Thanks lads for the info.Its good to hear that the old girl is still about and coming 40.
Best regards
Mac


----------



## Wribbenhall (Mar 19, 2009)

mac 1 said:


> Thanks lads for the info.Its good to hear that the old girl is still about and coming 40.
> Best regards
> Mac


 She's Coming Up to *50* Mac ! (1963-2013)
Best Regards
W.B.H.


----------



## mac 1 (Aug 19, 2010)

*Saint Colman Glasgow.*

50 indeed,you are quite right.I remember her coming to Newry as a new ship carrying coal for Fishers.Gardners did a lot into the port of Newry and She was named after the local patron saint.
In January 1968 the Saint william collided with the sea gates at Victoria Locks on the Newry Canal closing the port for a year.
A local man,Captain Leonard Hollywood (RIP) was in the Falklands with Gardners.Have they any ships now?
Cheers Mac.


----------



## Rob Shand (Dec 11, 2011)

I sailed on the 'Colman' back in 1980, for a few months. She looked old then!....good to hear she's still floating about.


----------



## mac 1 (Aug 19, 2010)

*Saint Colman Glasgow.*



Rob Shand said:


> I sailed on the 'Colman' back in 1980, for a few months.

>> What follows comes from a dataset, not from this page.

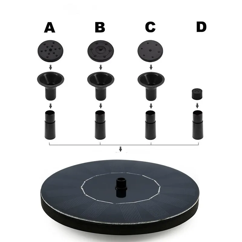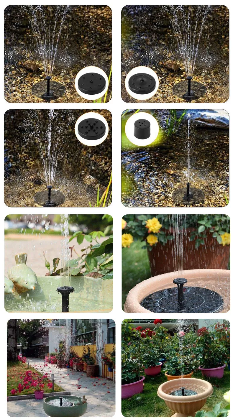 ★Enjoy a variety of different visual feasts. 4 different nozzles can meet the different needs of your solar water pump for jet height or jet

She looked old then!....good to hear she's still floating about.


Thanks Rob.It would be nice to see an updated photo of her.Back in the 70s Jack Taylor RIP was the Captain and Charlie Adair was master of the Saint William.I think Charlie is deceased now too.Gardners certainly were a busy company and visited almost daily with coal cargos.
Cheers Mac.


----------